# WORKING DATA
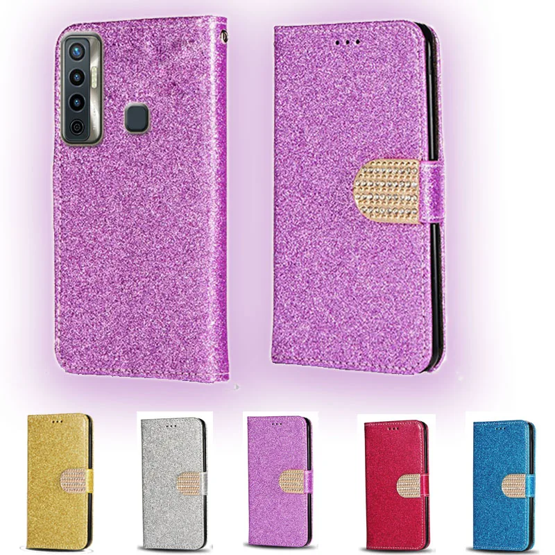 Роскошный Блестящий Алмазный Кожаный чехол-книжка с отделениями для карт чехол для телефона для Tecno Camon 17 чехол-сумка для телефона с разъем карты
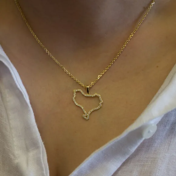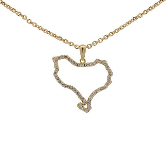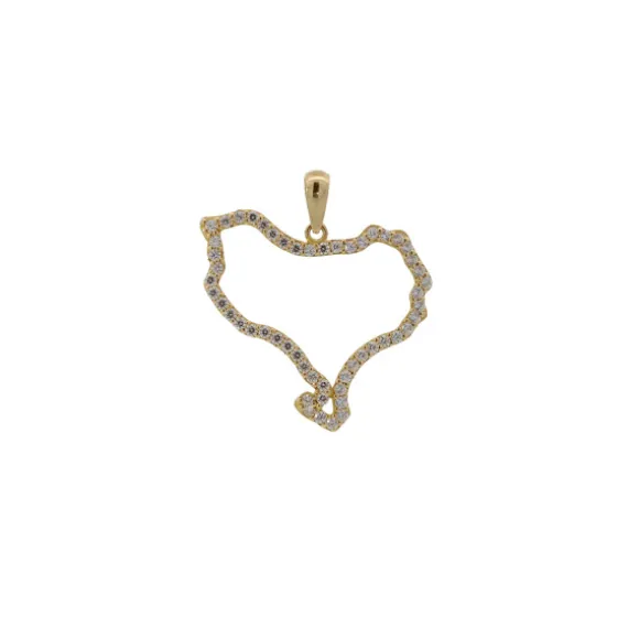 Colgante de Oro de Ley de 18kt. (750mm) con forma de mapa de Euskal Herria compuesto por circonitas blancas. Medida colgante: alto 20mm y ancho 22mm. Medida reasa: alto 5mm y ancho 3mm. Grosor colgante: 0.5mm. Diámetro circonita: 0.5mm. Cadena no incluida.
...
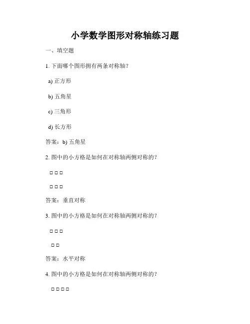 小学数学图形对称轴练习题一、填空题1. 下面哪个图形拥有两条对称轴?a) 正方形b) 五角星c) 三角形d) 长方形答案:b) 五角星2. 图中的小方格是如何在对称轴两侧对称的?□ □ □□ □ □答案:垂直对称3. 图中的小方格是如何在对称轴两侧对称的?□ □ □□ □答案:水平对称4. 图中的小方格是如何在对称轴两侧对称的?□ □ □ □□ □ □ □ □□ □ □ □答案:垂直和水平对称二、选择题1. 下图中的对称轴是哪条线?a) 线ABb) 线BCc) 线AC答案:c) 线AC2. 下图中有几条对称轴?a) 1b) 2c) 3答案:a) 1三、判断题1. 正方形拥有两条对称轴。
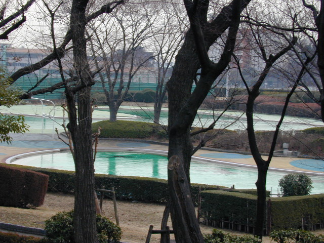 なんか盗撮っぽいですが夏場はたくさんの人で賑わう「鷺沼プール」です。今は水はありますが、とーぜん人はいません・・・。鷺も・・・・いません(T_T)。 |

# PROBLEM STATEMENT
Give back, exactly and without pictures, the stretch of the records above from the line containing "Роскошный Блестящий Алмазный" through the line containing "Colgante de Oro", with both end lines included.

# FINISHED EXERCISE
 Роскошный Блестящий Алмазный Кожаный чехол-книжка с отделениями для карт чехол для телефона для Tecno Camon 17 чехол-сумка для телефона с разъем карты
 Colgante de Oro de Ley de 18kt. (750mm) con forma de mapa de Euskal Herria compuesto por circonitas blancas. Medida colgante: alto 20mm y ancho 22mm. Medida reasa: alto 5mm y ancho 3mm. Grosor colgante: 0.5mm. Diámetro circonita: 0.5mm. Cadena no incluida.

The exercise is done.